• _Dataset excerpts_
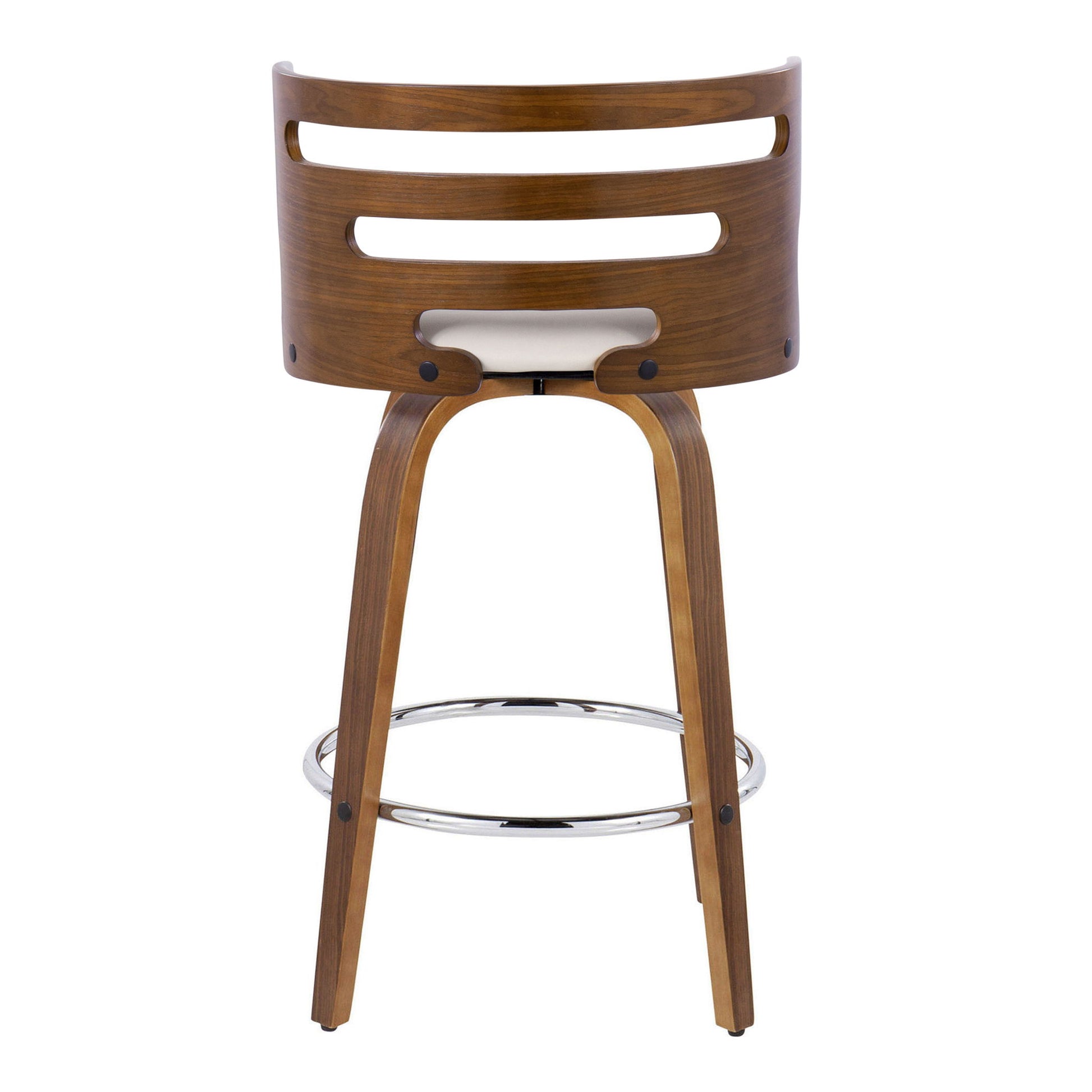 Cosini - Mid-Century Modern Fixed Height Barstool With Swivel With Round Footrest (Set of 2) - Walnut / Cream
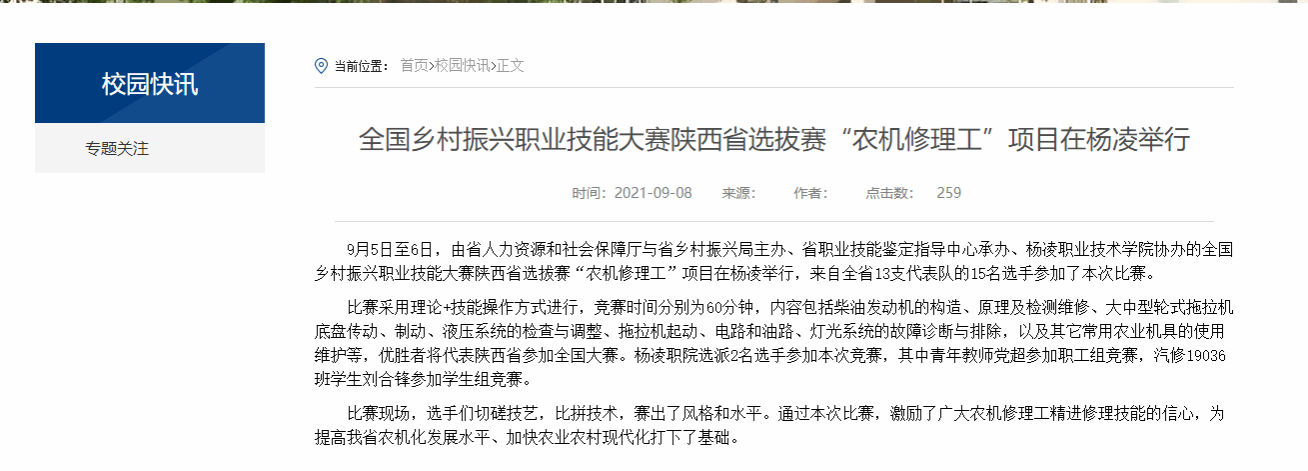 9月5日至6日,由省人力资源和社会保障厅与省乡村振兴局主办、省职业技能鉴定指导中心承办、杨凌职业技术学院协办的全国乡村振兴职业技能大赛陕西省选拔赛“农机修理工”项目在杨凌举行,来自全省13支代表队的15名选手参加了本次比赛。
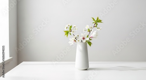 White Vase with Delicate White Blossoms and Green Leaves on a Wh
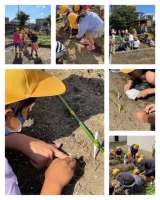 1年生は、学習園に田辺大根の種をまきました。田辺大根は、なにわ伝統野菜のひとつで...
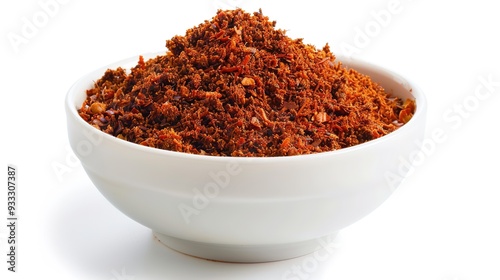 white bowl, white background, spice, vibrant, detailed, culinary, food photography, spicey, seasoning, cooking ingredient, visual, texture, powder, clean, flavorful, ingredient, culinary arts
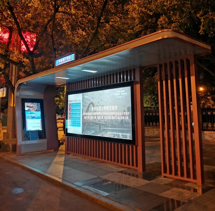 德陽智慧公交候車亭在與客戶不斷對接溝通下,終于如期完工交付使用,站臺采用高清LCD顯示屏,電子站牌,24小時畫面監(jiān)控,無線手機充電,無線WIFI,公交預報站,換乘信息,公交線路信息等。
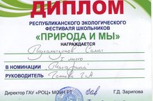 Поздравляем Мухаметзянова Самата, победителя Республиканского экологического фестиваля "Природа и мы" в номинации "Мастерилка" (педагог Ганиева Г.А.), сертификатом участника отмечет Глухарев Никита в номинации "Исследовательские проекты" (педагог Глухарева И.С.)
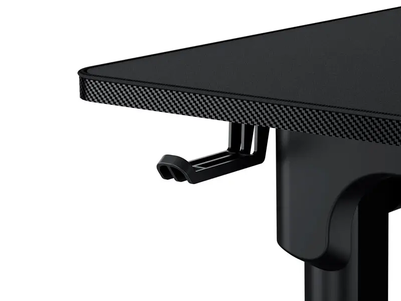 La bandeja para cables y el soporte para auriculares mantienen el escritorio despejado y organizado.
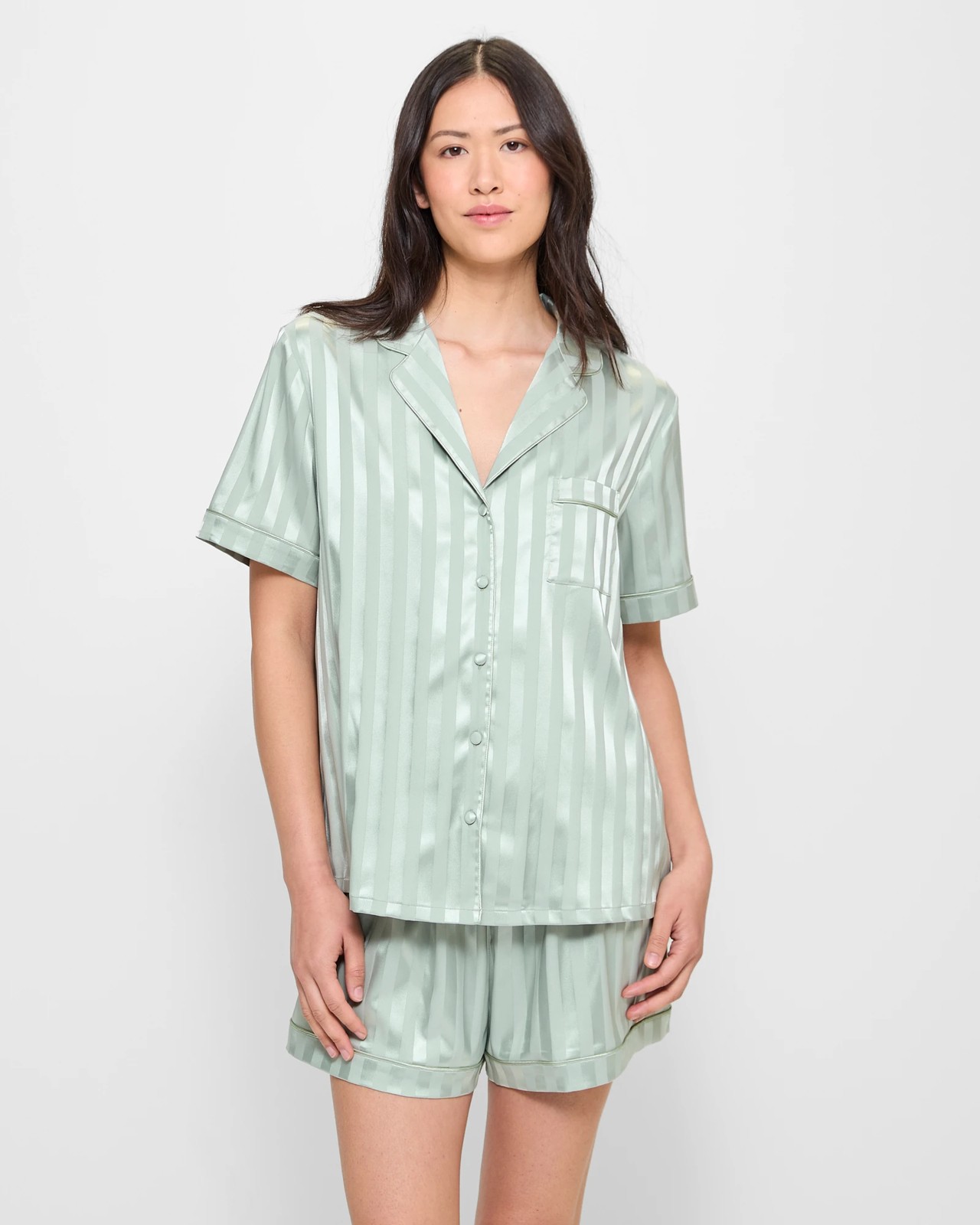Introducing the Stripe Satin Short Pyjama Set from Target. This two piece set is designed with a soft satin feel for maximum comfort. The top features a round collared neckline with lapels, short sleeves, button through front, piping, chest pocket and a straight hemline. The shorts have an elastic waistband and are cut in a short length. With all over stripe design, slip into this effortlessly chic pyjama set for an effortless night's sleep!
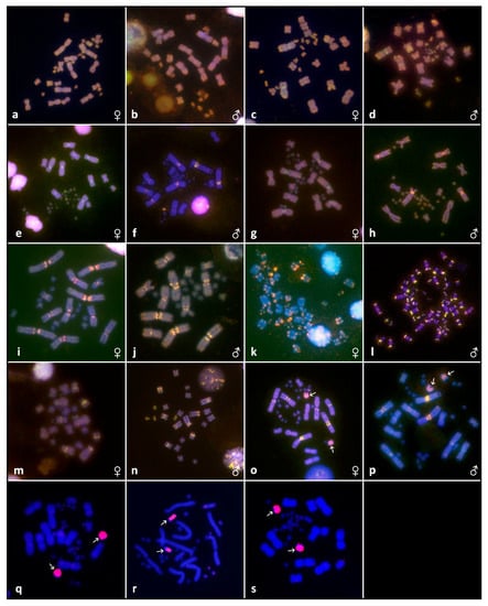 Trioceros johnstoni: the karyotype is composed of 2n = 36 as described previously [33]. There are 14 macrochromosomes out of which 12 are biarmed and 22 microchromosomes (Figure 3q). In pair 7 we observed possible heteromorphy. In the female, it seems that the chromosomes in this pair differ in size while in the male they may differ in morphology (Figure 3q). C-banding revealed heterochromatin in the pericentromeric regions and also strongly in the only acrocentric macrochromosomes—pair 7, in both sexes (Figure 3r). We detected ITS signals in several chromosomal pairs (Figure 3s). FISH with rRNA probe produced a signal in pair 2 (Figure 3t). CGH revealed enrichment of female sequences in chromosome pair 7 in both sexes (Figure 4o,p). Chromosomes from pair 7 were microdissected and hybridised separately to female metaphases and the probes prepared from them displayed a signal in both chromosomes from each pair (Figure 4q,r). The probe prepared from male pair 7 also hybridized to both chromosomes of pair 7 in female metaphase (Figure 4s).

• _DIRECTIONS_
Exactly the lines from the one containing "德陽智慧公交候車亭在與客戶不" to the final line of the entries are wanted; please write them out, both ends included, but not the pictures.

• _ANSWER TO THIS TASK_
 德陽智慧公交候車亭在與客戶不斷對接溝通下,終于如期完工交付使用,站臺采用高清LCD顯示屏,電子站牌,24小時畫面監(jiān)控,無線手機充電,無線WIFI,公交預報站,換乘信息,公交線路信息等。
 Поздравляем Мухаметзянова Самата, победителя Республиканского экологического фестиваля "Природа и мы" в номинации "Мастерилка" (педагог Ганиева Г.А.), сертификатом участника отмечет Глухарев Никита в номинации "Исследовательские проекты" (педагог Глухарева И.С.)
 La bandeja para cables y el soporte para auriculares mantienen el escritorio despejado y organizado.
Introducing the Stripe Satin Short Pyjama Set from Target. This two piece set is designed with a soft satin feel for maximum comfort. The top features a round collared neckline with lapels, short sleeves, button through front, piping, chest pocket and a straight hemline. The shorts have an elastic waistband and are cut in a short length. With all over stripe design, slip into this effortlessly chic pyjama set for an effortless night's sleep!
 Trioceros johnstoni: the karyotype is composed of 2n = 36 as described previously [33]. There are 14 macrochromosomes out of which 12 are biarmed and 22 microchromosomes (Figure 3q). In pair 7 we observed possible heteromorphy. In the female, it seems that the chromosomes in this pair differ in size while in the male they may differ in morphology (Figure 3q). C-banding revealed heterochromatin in the pericentromeric regions and also strongly in the only acrocentric macrochromosomes—pair 7, in both sexes (Figure 3r). We detected ITS signals in several chromosomal pairs (Figure 3s). FISH with rRNA probe produced a signal in pair 2 (Figure 3t). CGH revealed enrichment of female sequences in chromosome pair 7 in both sexes (Figure 4o,p). Chromosomes from pair 7 were microdissected and hybridised separately to female metaphases and the probes prepared from them displayed a signal in both chromosomes from each pair (Figure 4q,r). The probe prepared from male pair 7 also hybridized to both chromosomes of pair 7 in female metaphase (Figure 4s).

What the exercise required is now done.